*GOAL OF THE EXERCISE*: Please return exactly the lines below that run from the line with "Hisoka/Illumi postcard-size prints, set" through the end of the listing, both included, but not the pictures.

*INPUT DATA*:
BEGIN

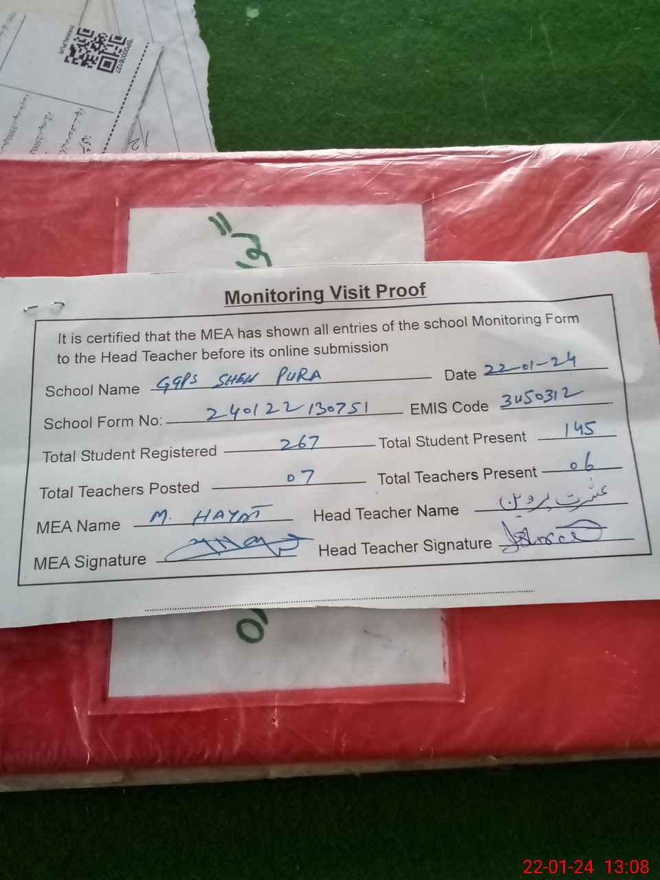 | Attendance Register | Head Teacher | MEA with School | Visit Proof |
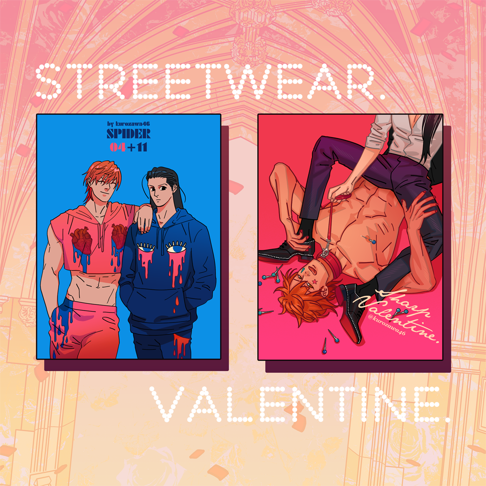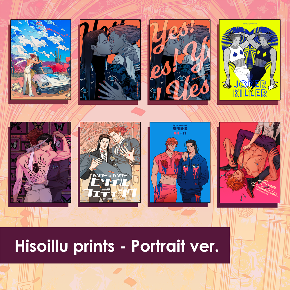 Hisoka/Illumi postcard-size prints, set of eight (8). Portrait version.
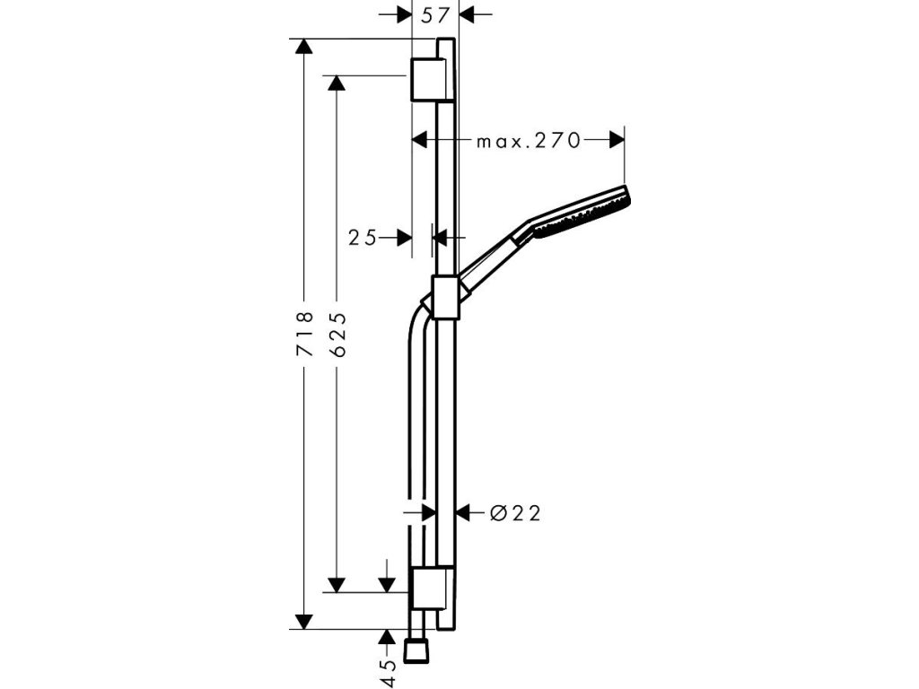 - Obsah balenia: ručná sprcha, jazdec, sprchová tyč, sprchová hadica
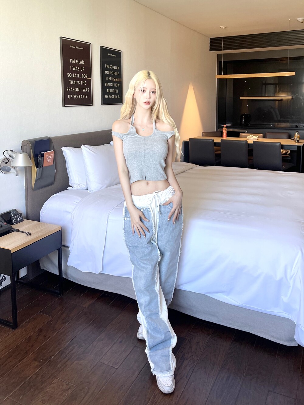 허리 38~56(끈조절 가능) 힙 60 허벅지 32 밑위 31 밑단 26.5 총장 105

END

*ANSWER SPACE*:
 Hisoka/Illumi postcard-size prints, set of eight (8). Portrait version.
 - Obsah balenia: ručná sprcha, jazdec, sprchová tyč, sprchová hadica
 허리 38~56(끈조절 가능) 힙 60 허벅지 32 밑위 31 밑단 26.5 총장 105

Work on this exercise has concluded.